The rich, iron odor of it assaulting his nostrils…

He and six other scouts had killed a full
Na’Reish
patrol who’d ventured too close to their hidden camp. That had been their first successful ambush, the first of many. Heart pounding hard beneath his ribs, he stole a quick glance at his hands to assure himself the hot stickiness of blood didn’t coat his skin. He grimaced, hating the vivid details that still haunted him almost as much as the actions he’d taken to survive.

He supposed it didn’t take much to connect the facts. Not when Kymora already knew the
Na’Reish
killed on sight those they considered a bloodborn disgrace, but he was sure Kalan would never share the gory stories of his battles with her, so neither would he. She should be sheltered from such harsh violence. Instead he clenched his teeth and remained silent.

“Lisella told me you all moved your location every couple of weeks. That must have been hard. I’ve lived in Sacred Lake all my life. My parents were Guild-traders so we lived in Bartertown.” Just like that, she changed the subject, and for that he was grateful. It gave him something to focus on other than his shortcomings. “When Kalan was appointed as the
Lady’s Chosen
, we shared the apartment he and Annika live in now. After I became
Temple Elect
, the Temple dormitory became my home.” Her tone grew wistful. “Sometimes I wish I’d been appointed as a Traveller.”

“What’s that?”

“A Handmaiden or Manservant who goes from village to town, ministering or teaching.” He heard the smile in her voice. “They get to see and experience so much of the world. Sometimes I wish I’d chosen a different path for my life.”

The ability to call one place home was something he’d longed for all his life. Living hand to mouth, driven to move every few weeks, every shelter just a place to eat, sleep, hide, never a home, always
afraid of discovery, of being tracked and hunted down, then slaughtered.
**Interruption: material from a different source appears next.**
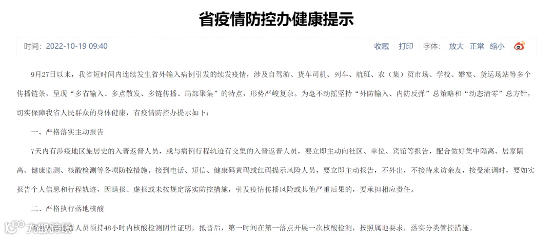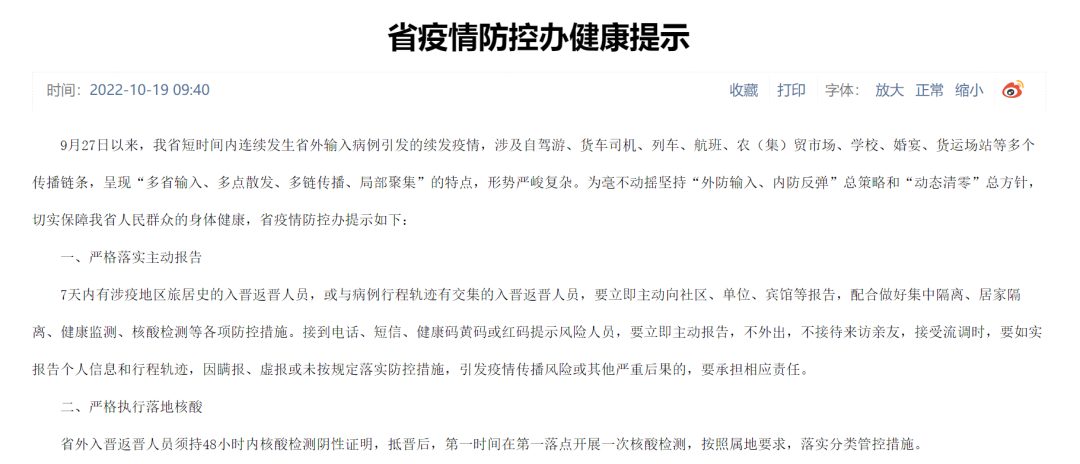 山西:持48小时核酸阴性证明,落地检后落实分类管控

The differences between their lifestyles were stark, and the irony of each of them wanting what the other had didn’t escape him.

“As
Temple Elect
, don’t you oversee all the territory?”

“I instruct and oversee
Her
Servants.” Her head turned to one side. “Do you remember the Councilors’ shock when I announced that I would be living with you and the other
Na’Chi
?”

“I thought it was because of who we were.”

Kymora squeezed his hand. “Well, that might have been some of it,” she replied, dryly, “but mostly it’s because the
Temple Elect’s
responsibilities encompass everything within the walls of Sacred Lake. Travellers are appointed to cover everything else.”

No wonder her decision to live with them in the village had unsettled the Blade Council and the rest of the human race. Defying convention took a lot of courage, but then he already knew Kymora was a woman of strong convictions.

“Did Kalan and you ever expect this alliance to cause so much trouble?”